About this task: Given the records below, the lines starting at the line with "Готовые ответы - Математика" and ending at the line with "Tomrukları keresteye çevirip" should be output exactly, both end lines kept and pictures left out.

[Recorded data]

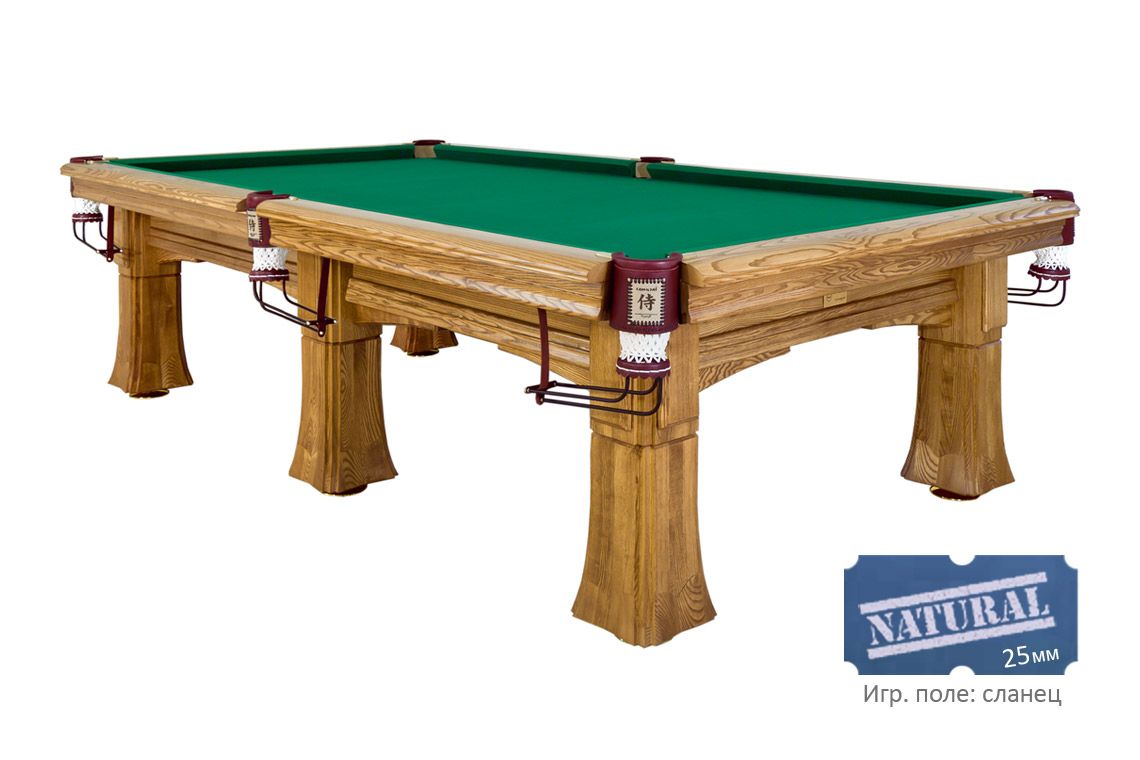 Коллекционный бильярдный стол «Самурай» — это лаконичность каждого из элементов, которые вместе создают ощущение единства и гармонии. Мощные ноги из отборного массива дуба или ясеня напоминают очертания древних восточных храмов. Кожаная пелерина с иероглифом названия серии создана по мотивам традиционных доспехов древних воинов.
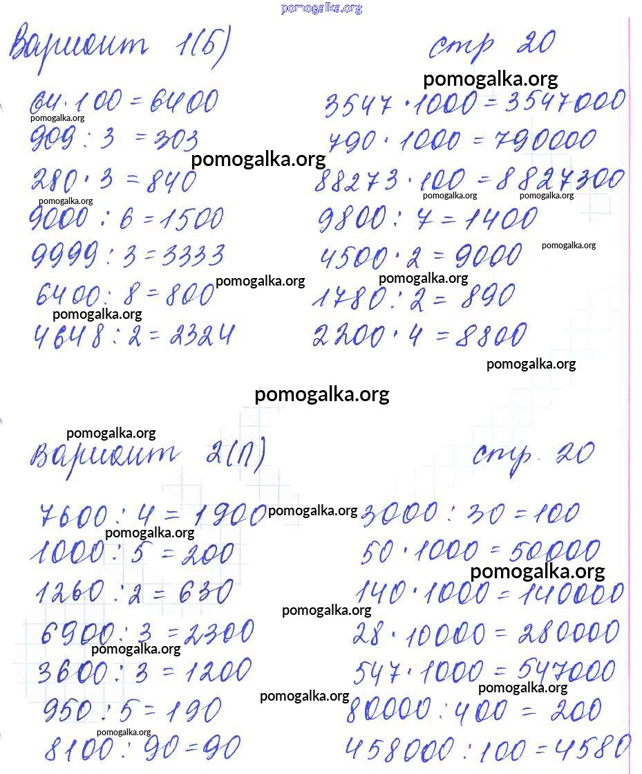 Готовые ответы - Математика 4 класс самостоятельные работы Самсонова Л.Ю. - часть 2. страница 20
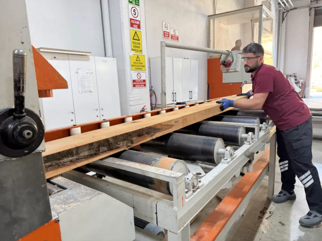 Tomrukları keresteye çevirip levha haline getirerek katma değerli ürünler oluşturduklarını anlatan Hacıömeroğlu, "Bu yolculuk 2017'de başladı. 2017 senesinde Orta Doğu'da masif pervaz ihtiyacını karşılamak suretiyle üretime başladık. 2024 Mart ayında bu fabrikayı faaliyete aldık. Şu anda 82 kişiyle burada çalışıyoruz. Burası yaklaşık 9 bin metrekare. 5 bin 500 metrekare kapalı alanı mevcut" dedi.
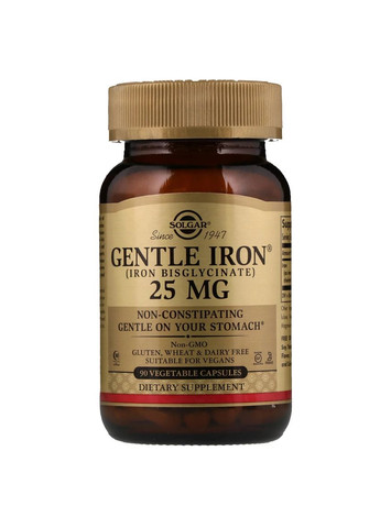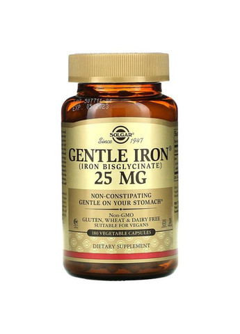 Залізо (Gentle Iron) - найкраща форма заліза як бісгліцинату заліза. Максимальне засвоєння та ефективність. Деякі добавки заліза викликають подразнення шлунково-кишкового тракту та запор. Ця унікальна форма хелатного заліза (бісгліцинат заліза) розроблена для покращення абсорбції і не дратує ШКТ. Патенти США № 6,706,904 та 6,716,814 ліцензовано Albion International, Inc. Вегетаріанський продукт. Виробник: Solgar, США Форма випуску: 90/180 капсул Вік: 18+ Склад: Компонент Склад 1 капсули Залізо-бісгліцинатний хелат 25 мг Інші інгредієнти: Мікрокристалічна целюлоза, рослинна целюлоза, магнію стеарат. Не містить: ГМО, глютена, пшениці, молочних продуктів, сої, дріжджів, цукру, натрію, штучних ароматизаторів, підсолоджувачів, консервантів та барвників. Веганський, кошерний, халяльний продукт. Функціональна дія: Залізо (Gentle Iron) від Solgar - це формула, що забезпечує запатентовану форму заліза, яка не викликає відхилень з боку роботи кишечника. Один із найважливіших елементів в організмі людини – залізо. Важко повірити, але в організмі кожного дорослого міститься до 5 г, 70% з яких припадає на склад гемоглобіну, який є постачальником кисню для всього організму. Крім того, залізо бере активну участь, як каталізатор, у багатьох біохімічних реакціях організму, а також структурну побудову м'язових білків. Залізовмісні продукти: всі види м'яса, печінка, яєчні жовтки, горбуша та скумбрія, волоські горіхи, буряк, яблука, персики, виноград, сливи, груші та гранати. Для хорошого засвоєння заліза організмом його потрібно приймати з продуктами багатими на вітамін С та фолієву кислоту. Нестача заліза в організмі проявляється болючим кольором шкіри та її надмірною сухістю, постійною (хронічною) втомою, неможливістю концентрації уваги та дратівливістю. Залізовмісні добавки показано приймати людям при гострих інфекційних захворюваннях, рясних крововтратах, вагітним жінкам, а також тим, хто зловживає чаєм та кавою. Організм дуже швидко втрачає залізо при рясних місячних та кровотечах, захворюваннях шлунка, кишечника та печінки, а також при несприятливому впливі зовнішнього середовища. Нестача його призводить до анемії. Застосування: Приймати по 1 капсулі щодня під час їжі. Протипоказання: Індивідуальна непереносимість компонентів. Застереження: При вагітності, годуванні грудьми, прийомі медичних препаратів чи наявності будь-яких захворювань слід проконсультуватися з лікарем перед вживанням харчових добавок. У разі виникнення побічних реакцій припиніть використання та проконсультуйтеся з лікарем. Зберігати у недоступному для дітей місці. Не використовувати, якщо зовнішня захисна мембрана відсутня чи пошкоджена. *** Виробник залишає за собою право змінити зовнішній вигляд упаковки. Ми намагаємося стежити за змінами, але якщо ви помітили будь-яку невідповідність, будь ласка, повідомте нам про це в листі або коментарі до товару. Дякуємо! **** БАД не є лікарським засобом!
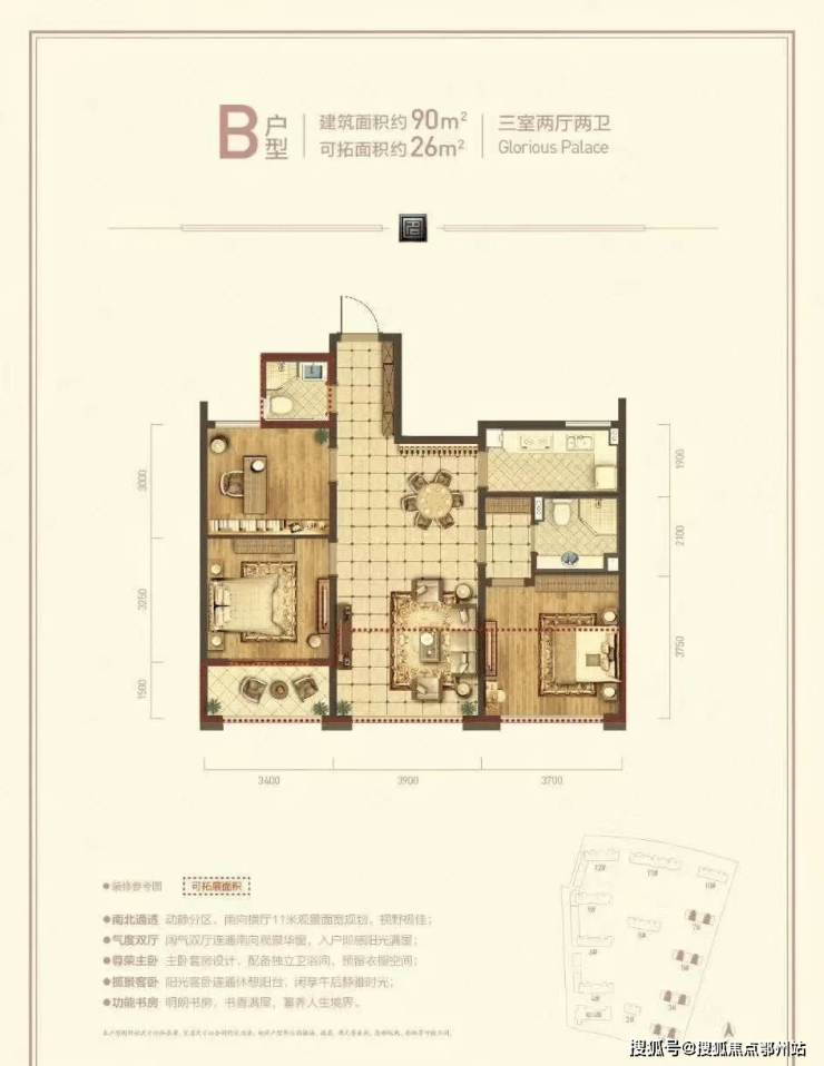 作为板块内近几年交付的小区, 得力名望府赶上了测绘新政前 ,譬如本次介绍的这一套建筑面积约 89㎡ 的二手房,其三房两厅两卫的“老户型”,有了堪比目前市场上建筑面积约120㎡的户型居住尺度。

...

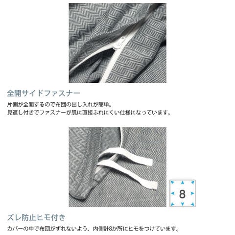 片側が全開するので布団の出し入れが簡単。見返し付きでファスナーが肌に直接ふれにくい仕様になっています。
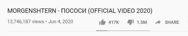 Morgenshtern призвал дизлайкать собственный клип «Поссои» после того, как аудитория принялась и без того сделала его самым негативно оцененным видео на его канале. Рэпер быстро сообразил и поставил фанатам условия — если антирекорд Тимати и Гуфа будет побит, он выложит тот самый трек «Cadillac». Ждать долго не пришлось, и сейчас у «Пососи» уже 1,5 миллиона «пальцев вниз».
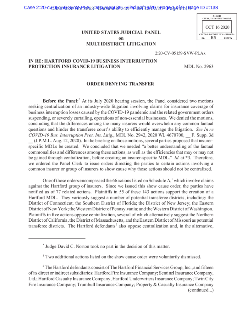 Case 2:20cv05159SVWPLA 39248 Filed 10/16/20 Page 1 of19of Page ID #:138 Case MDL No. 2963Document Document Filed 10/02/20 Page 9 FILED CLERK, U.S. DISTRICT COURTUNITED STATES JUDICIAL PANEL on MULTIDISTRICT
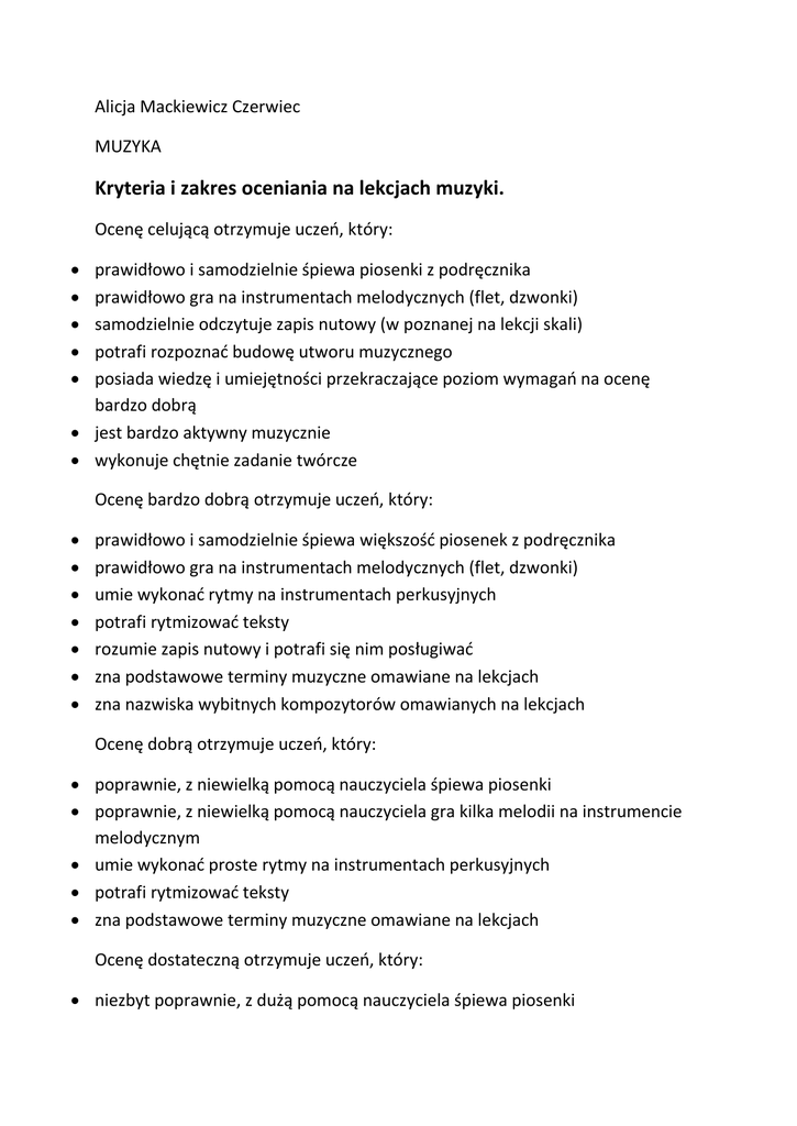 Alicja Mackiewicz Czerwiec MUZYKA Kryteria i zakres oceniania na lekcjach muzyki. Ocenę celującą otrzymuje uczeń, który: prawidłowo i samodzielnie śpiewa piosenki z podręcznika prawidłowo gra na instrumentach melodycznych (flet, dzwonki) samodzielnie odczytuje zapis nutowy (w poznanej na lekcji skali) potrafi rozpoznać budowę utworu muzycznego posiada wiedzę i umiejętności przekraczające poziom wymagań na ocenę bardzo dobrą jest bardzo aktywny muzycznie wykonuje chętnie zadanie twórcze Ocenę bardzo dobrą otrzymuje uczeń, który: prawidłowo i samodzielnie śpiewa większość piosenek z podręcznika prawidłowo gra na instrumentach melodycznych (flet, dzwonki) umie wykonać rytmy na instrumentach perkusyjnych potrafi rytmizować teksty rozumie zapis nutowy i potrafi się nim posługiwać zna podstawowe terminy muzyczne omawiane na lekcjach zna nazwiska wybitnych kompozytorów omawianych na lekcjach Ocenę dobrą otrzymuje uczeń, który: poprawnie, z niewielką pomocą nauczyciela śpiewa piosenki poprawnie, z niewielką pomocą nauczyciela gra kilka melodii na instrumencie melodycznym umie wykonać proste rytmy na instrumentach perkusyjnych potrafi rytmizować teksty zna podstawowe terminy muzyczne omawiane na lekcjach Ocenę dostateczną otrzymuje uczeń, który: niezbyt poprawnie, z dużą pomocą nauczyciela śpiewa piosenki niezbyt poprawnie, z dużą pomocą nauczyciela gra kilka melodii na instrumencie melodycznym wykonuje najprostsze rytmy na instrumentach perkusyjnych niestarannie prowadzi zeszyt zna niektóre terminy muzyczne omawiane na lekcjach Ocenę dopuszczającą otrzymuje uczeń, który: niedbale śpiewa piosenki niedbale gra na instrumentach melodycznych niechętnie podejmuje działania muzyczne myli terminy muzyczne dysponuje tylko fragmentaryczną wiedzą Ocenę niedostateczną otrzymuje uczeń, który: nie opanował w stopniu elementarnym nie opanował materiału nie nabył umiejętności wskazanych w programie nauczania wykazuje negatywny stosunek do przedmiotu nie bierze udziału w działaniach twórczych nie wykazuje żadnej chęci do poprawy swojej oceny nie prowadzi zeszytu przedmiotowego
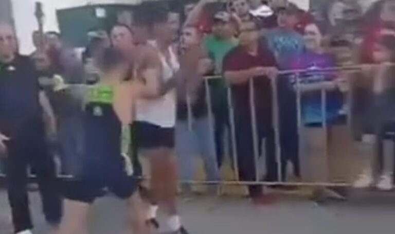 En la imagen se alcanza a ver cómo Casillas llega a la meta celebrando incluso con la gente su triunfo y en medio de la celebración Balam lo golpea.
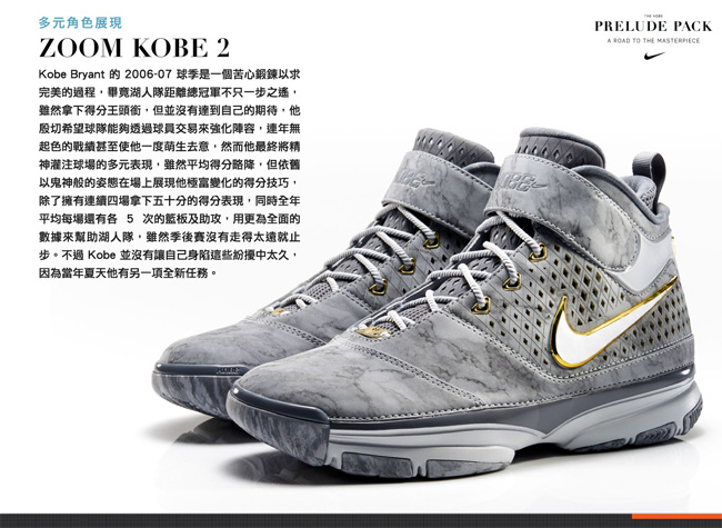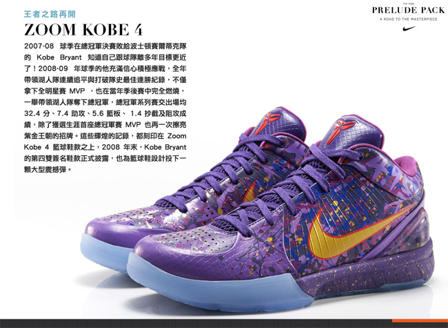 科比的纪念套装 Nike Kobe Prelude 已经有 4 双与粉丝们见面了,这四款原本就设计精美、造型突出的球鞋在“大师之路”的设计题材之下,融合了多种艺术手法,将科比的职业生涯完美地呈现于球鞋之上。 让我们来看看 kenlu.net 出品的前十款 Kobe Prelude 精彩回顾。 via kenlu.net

Reply:
 Готовые ответы - Математика 4 класс самостоятельные работы Самсонова Л.Ю. - часть 2. страница 20
 Tomrukları keresteye çevirip levha haline getirerek katma değerli ürünler oluşturduklarını anlatan Hacıömeroğlu, "Bu yolculuk 2017'de başladı. 2017 senesinde Orta Doğu'da masif pervaz ihtiyacını karşılamak suretiyle üretime başladık. 2024 Mart ayında bu fabrikayı faaliyete aldık. Şu anda 82 kişiyle burada çalışıyoruz. Burası yaklaşık 9 bin metrekare. 5 bin 500 metrekare kapalı alanı mevcut" dedi.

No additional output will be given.